End-of-life care can pit a culture of high-technology medicine against the palliative care goals of comfortable and dignified final days. Doctors may accept that a patient is dying only when many interventions fail, explaining a tendency to overtreat patients. Or doctors may be frustrated by patients and family members who request highly aggressive and medically futile measures.

"Part of this is an educational issue," said Block, who codirects the HMS Center for Palliative Care. "This study is helpful in illuminating the need for additional teaching about differences in the dying trajectories of patients with different kinds of diseases. It shows us the importance of giving physicians opportunities to speak about and process the ambiguities, which are very difficult."

--Carol Cruzan Morton

 

HMOs May Improve Diabetes Care By Providing Home Monitors

For people with diabetes, keeping a close watch on blood sugar levels can forestall complications and monitoring these levels at home has proven benefit. A study of more than 3,000 patients before and after their health maintenance organization provided free home glucose monitors and training has determined that HMOs could encourage home monitoring and improve care by offering the $100 measuring devices for free.

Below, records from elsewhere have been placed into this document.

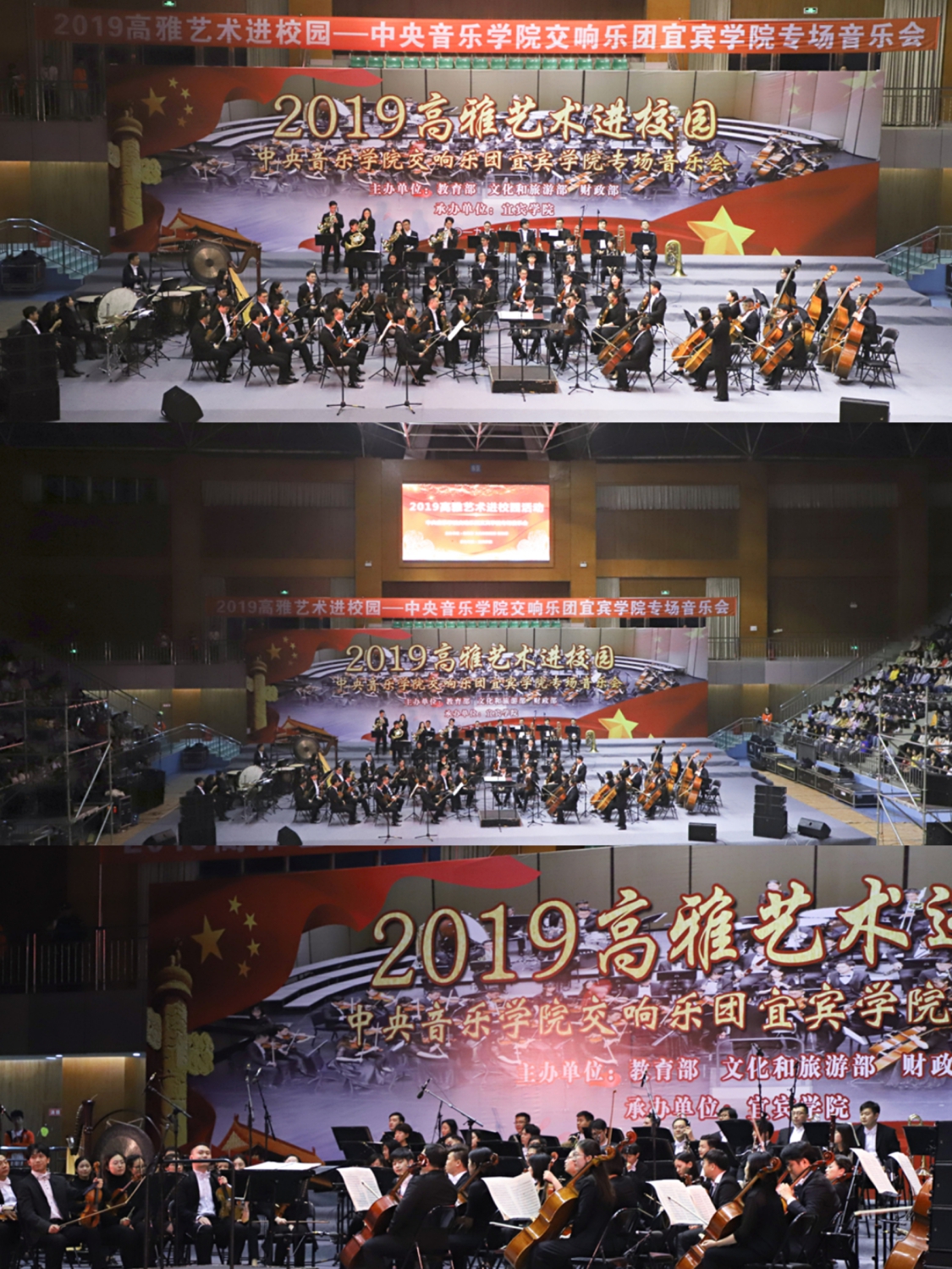 2019年11月4日晚,kaiyun体育网页登录入口交响乐团新一季“高雅音乐进校园”巡演第一站在四川省宜宾学院拉开帷幕!整晚演出期间,体育馆热烈沸腾,全体欢呼,掀起了该校师生艺术高潮!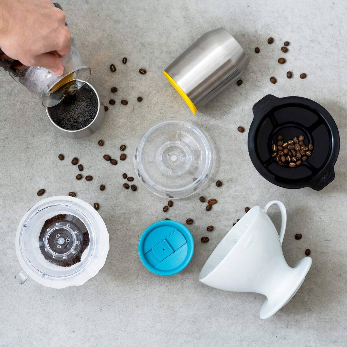 バリスタの淹れるV60クオリティを簡単に誰でも。 細口ケトルがなくてもおいしいコーヒーが作れる。 途中で中央にあふれる設計で、抽出の目安にできる。 2種類の点滴速度で、幅広いレシピを作成できる。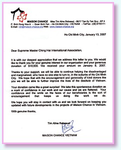 Trung tâm này không phải là một nơi tạm trú cũng không là một bệnh viện, mà là một căn nhà giản dị được trang bị để cung cấp phần quan trọng nhất là y tế cũng như giáo dục và huấn luyện cho người tàn tật. Mục tiêu dài hạn của Maison Chance là giúp những người thụ hưởng có được những kỹ năng chuyên nghiệp để họ trở nên tự lập về tài chính và tái hòa nhập vào xã hội. Sau nhiều năm phát triển, Maison Chance đã trở thành một tổ chức quốc tế với chi nhánh ở Âu Lạc, Pháp, Thụy Sĩ, Hoa Kỳ và Bỉ. Sau khi biết về sự cống hiến vô ngã của cô Tim, Thanh Hải Vô Thượng Sư đã gửi tặng 10.000$ Mỹ kim cho hội từ thiện này. Trong một lá thư cảm tạ, cô Rebeaud bày tỏ lòng tri ân đối với Thanh Hải Vô Thượng Sư như sau: "Với niềm cảm kích tận đáy lòng, chúng tôi xin dâng lá thư này lên Ngài. Chúng tôi xin cảm ơn sự ưu ái của Ngài đối với tổ chức của chúng tôi và sự đóng góp quảng đại 10.000$ Mỹ kim của Ngài. Món quà này đến như một sự ngạc nhiên lớn! Chúng tôi xem món quà tự nguyện này là một biểu hiện của sự tin tưởng vào công việc và mục đích của tổ chức, và chúng tôi rất hân hạnh".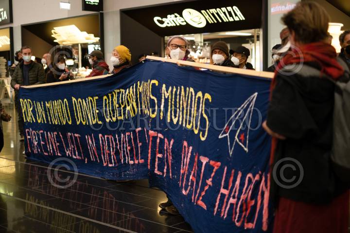 Protesta en la plaza pública Karls Platz por parte de mujeres de la comunidad somalí y colectivas feministas, en donde participaron mujeres de la Fuerza Aérea Zapatista del EZLN.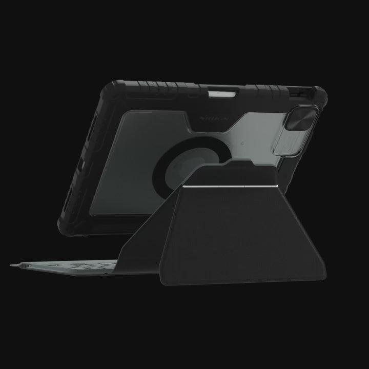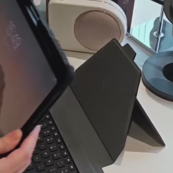 This keyboard case provides the ultimate combination of functionality and protection. Its durable keyboard base, precisely formed hardbound case, and sliding camera cover offer unparalleled safeguarding and privacy for your iPad during use.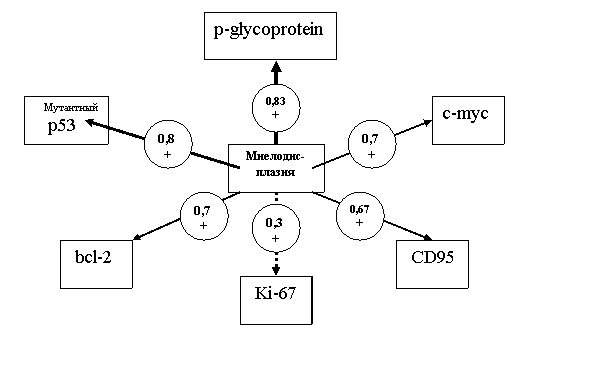 Предпринят математический поиск взаимосвязи между степенью выраженностью миелодисплазии и отдельными маркерами. Для этого использовался корреляционный анализ между переменными по принципу формирования парных значений, которые образуются из рассматриваемых зависимых выборок. Для оценки факта наличия корреляционных связей, их силы и направленности был использован коэффициент корреляции Пирсона. Математический анализ выявил, что корреляционная связь между признаками действительно существует. Выраженность миелодисплазии (процентное отношение дисплазированных элементов костного мозга) хорошо коррелировала с пятью из шести показателей. Наиболее сильная прямая связь индекса была выявлена с p-гликопротеином (коэффициент Пирсона равен (+)0,83) и мутантной формой p53 (+) 0,8. Остальные признаки демонстрировали среднюю и слабую корреляцию: CD95 (+) 0,67, с-myc (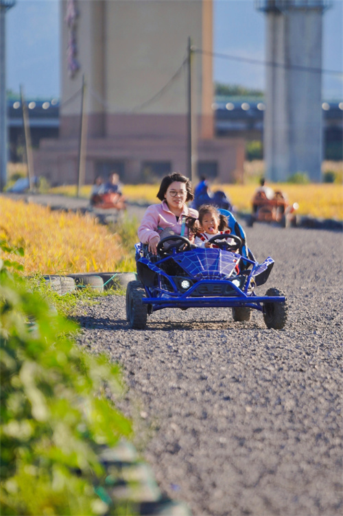 真人CS战场上队员们身着战术装备,躲在树林间,一边聆听着指挥,一边紧张地搜寻对手;池塘边,大家拿着渔网,体验了一把真正的“摸鱼”;稻田边,大家坐在小火车上,感受着童心未泯的快乐;赛车场上,驾驶着卡丁车飞驰而过,风驰电掣间展现出对速度和激情的向往;草地上,大家分成几组,投掷飞盘,为各自小组努力奋战;在体感游戏区域,大朋友小朋友们挥动身体,参与到各种趣味游戏中……笑声、尖叫声、欢呼声交织在一起,展现出活力四射的场面。中午时分,大家聚在热气腾腾的火炉旁,把“家”的定义做了延展,一户户“小家”组成了“大家”!一家人围坐一堂,共同品味美味佳肴,其乐融融。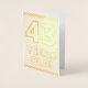 Le recto de cette carte de voeux en or à thème d'anniversaire, audacieuse et énergique, affiche le message "43 ans !". L'intérieur comporte un message d'anniversaire customisé. Une carte de voeux comme celle-ci pourrait être donnée pour commémorer le 43e anniversaire de quelqu’un. [~Z0000360]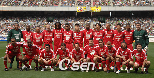 일본의 축구 스타 나카타가 주최한 일본 올스타 팀과 세계 올스타 팀이 출전하는 ‘+1 FOOTBALL MATCH’ 자선 경기가 7일 오후 요코하마에서 닛산 스타디움에서 벌어졌다. 한국에서는 홍명보 올림픽대표팀 코치와 이호(제니트)가 세계올스타팀으로 참가했고 톱스타 배용준이 나카타의 초청을 받아 특별 게스트로 경기를 관전했다. 세계 올스타팀으로 출전한 선수들이 기념사진을 찍고 있다./요코하마=송석린 객원기자 song@osen.co.kr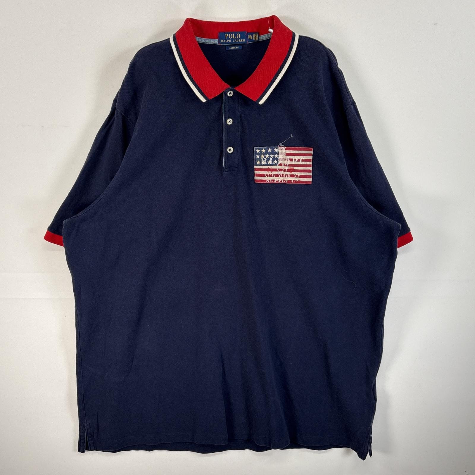 古着 ポロ・ラルフローレン POLO RALPH LAUREN 鹿の子 半袖 ポロシャツ 袖・襟切替 ロゴ ワッペン 大きいサイズ 14041 ネイビー 無地 メンズ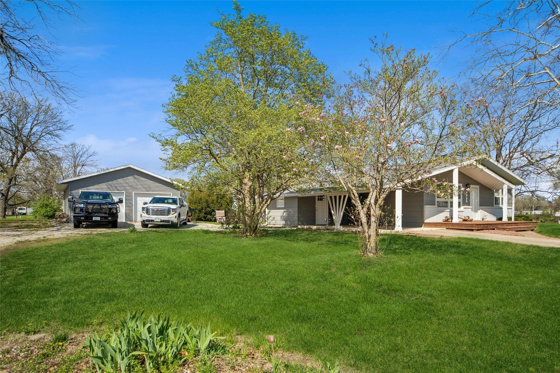 Welcome home to this meticulously maintained small town residence. Featuring three bedrooms and three bathrooms, this ranch-style property was renovated in 2023 to offer a comfortable, modern atmosphere. The main level boasts an open floor plan connecting the spacious living room to the dining area and kitchen, ideal for both cooking and entertaining. Stainless steel kitchen washer and dryer conveniently located in the attached mudroom adjacent to the kitchen. All three generously sized bedrooms and the full bathroom are situated on the opposite side of the home for added privacy. The master bedroom offers a private three-quarter bath and an oversized closet. The lower level includes a partially finished space suitable for a family recreation room, along with an unfinished workroom featuring an additional open three-quarter bath. Outside, the large carport may serve as a covered patio if desired. In 2022, an oversized 24-30 two-car garage was added, complemented by a deck and concrete patio area, providing opportunities for outdoor activities within the 0.36-acre yard.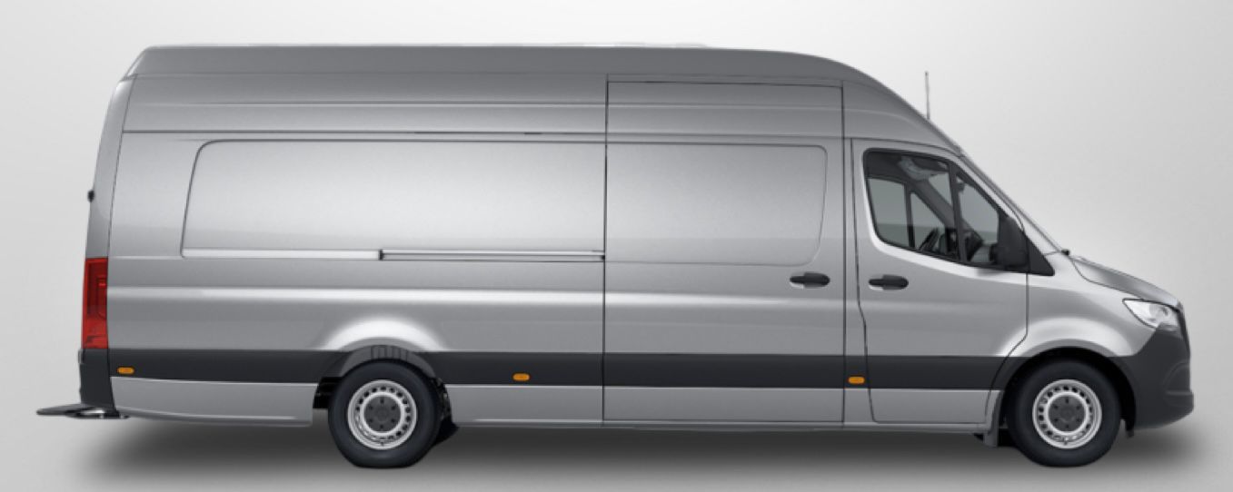 Stor varebil Mercedes Sprinter 18m3 med løftelem (Alle varebilene våre kjøres på førerkort klasse B)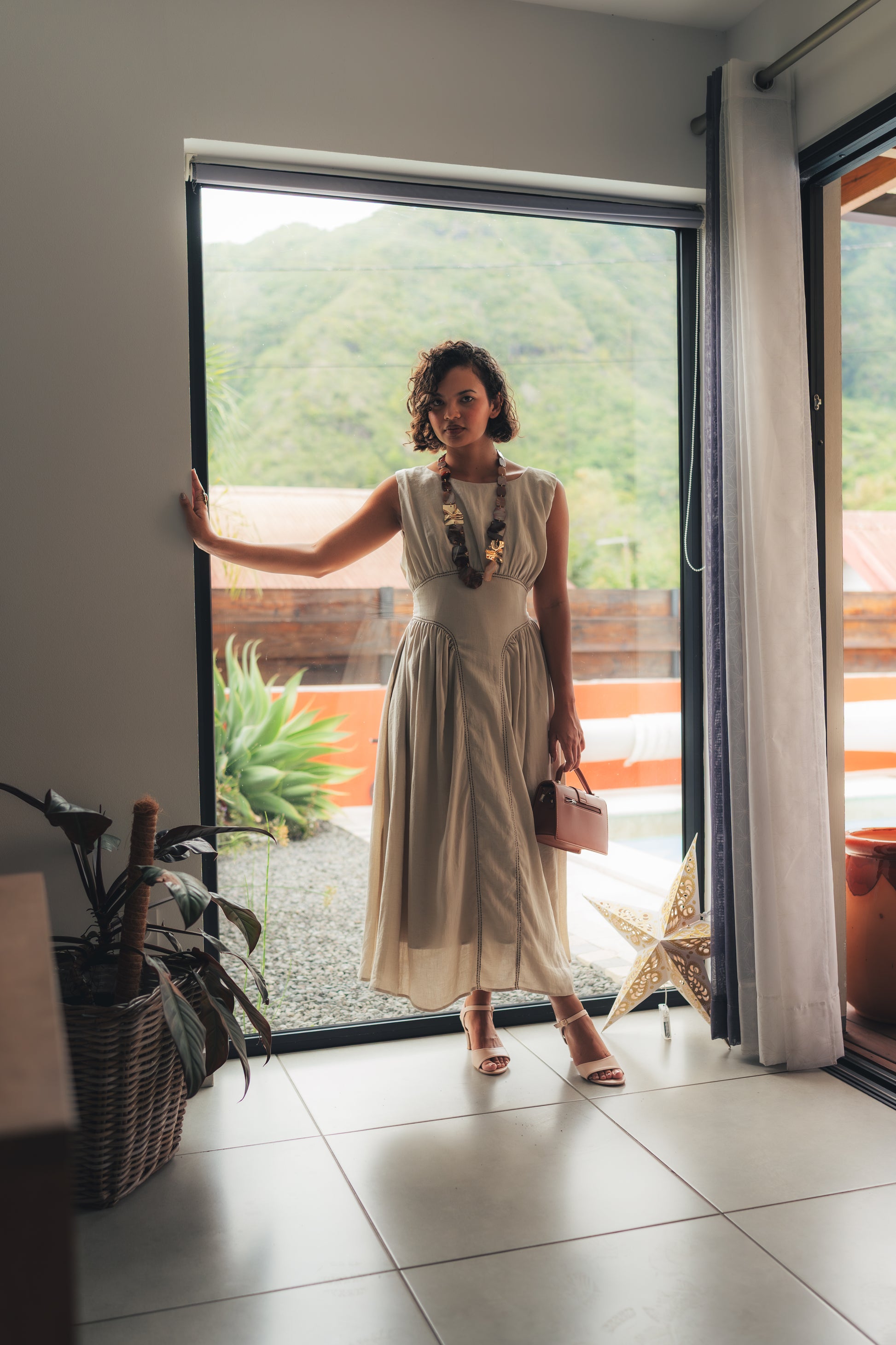 "Confectionnée avec un mélange de 40% de coton, 40% de polyester et 20% de fibres diverses, cette robe longue à manches courtes offre un confort optimal tout en gardant sa forme d'origine. Idéale pour toute occasion avec un style intemporel."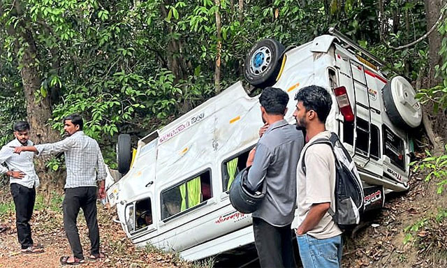 Beltangady, Mar 21: In yet another tragic accident at Charmadi Ghat, a TT vehicle travelling from Bhadravathi to Dharmasthala overturned near the 10th hairpin bend after the driver reportedly lost control on Saturday, March 21.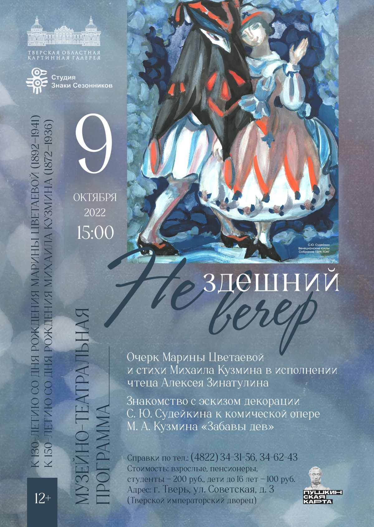 В исполнении чтеца Алексея Зинатулина прозвучат очерк Марины Цветаевой и стихи Михаила Кузмина. В музейной части программы зрители познакомятся с эскизом декорации к комической опере М.А. Кузмина «Забавы дев», оформленной художником Сергеем Судейкиным в 1911 году.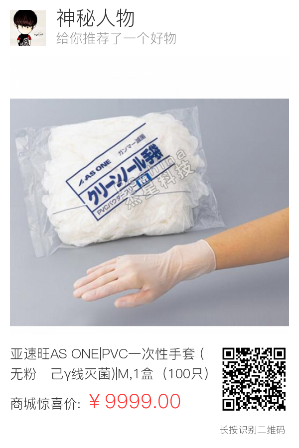 亚速旺AS ONE|PVC一次性手套 (无粉・己γ线灭菌)|M,1盒(100只)|6-931-03|ASA6-931-03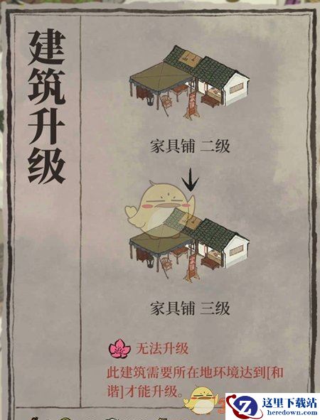 1、每个建筑的升级都是有一定要求的,家具店的升级还需要达成环境的条件,环境条件不达标的话,是升不了级的。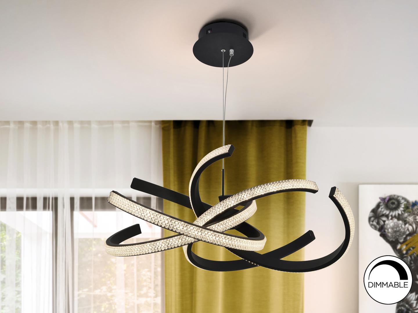 Лампа из металла и алюминия с матово-черной отделкой с пескоструйной обработкой. Диффузоры с прозрачными акриловыми вставками. Светодиод 43 Вт, 2150 лм, 3000 К.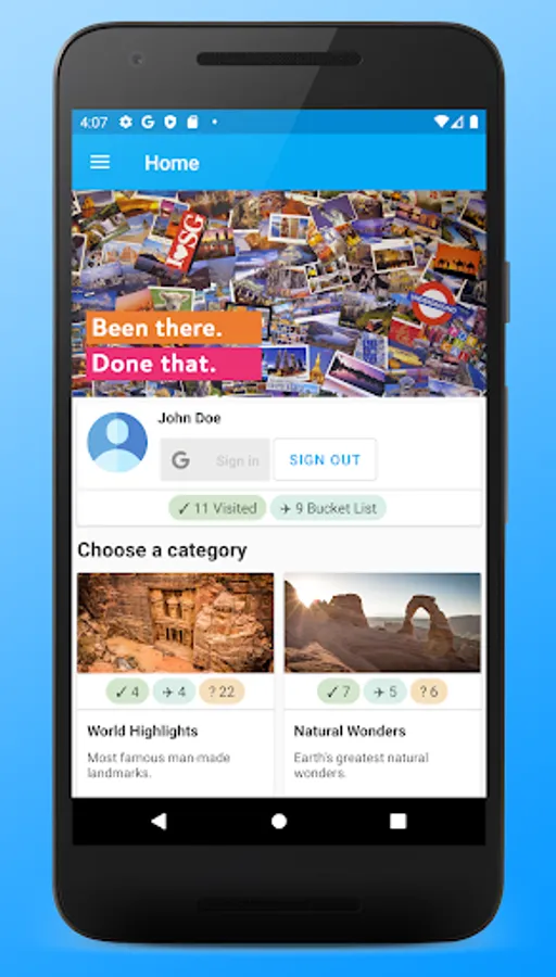 Been there. Done that. helps you to keep track of how many of the world's most famous attractions and must-see places you have been to.
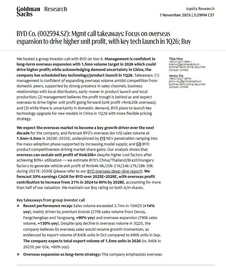 最近汽车板块整体压力不小,但比亚迪却成了资本眼里的“硬通货”。高盛、花旗、摩根士丹利这些国际大行,最近半年密集发研报,清一色给出“买入”或“增持”评级。他们的核心逻辑很一致:海外市场会是比亚迪未来十年的主引擎。资本敢这么投,底气来自实打实的战绩。2025年前11个月,仰望、腾势、方程豹这几个高端牌子卖得越来越起劲。更夸张的是出海成绩,前11个月海外销量干到了91万多辆,同比直接翻倍,全年破百万辆基本没悬念。这可不是单纯把车卖出去,而是靠着自己造滚装船、在海外建厂、产品因地制宜调整,一步步把全球的增量空间给打开了。市场发展预期一片向好。支撑这一切的,是比亚迪那条被验证过的全产业链优势和不停歇的技术迭代。从刀片电池到DM-i混动,再到易三方技术,核心东西掌握在自己手里,抗风险能力自然强。行业洗牌期,靠着清晰的战略、稳扎稳打的销量和技术底子,比亚迪确实在这轮调整里跑出了自己的节奏。

To determine the effect of providing monitors, Stephen Soumerai, HMS professor of ambulatory care and prevention at Harvard Pilgrim Health Care, and his colleagues checked pharmacy records that tallied the number of glucose test strips dispensed and the frequency of refills of oral glucose-controlling medications. Both parameters increased after patients were given the monitors, and increased monitoring was associated with improved blood sugar levels for patients who had the poorest control of their blood sugar.

Having doctors provide the blood sugar monitors at no charge to the patients has both economic and educational benefits, according to Soumerai. For some low-income patients, the cost of the machine is a barrier. For others, the contact with a health care professional who provides the monitor and explains how to use it reinforces the importance of controlling their sugar levels.

"This is a very inexpensive intervention that can be undertaken by managed care organizations around the country and that can improve the quality of care of patients with diabetes," said Soumerai, lead author of the study, published in the March 22 Archives of Internal Medicine. The findings validate a growing trend among states to require insurers to cover all self-monitoring equipment and supplies for people with diabetes.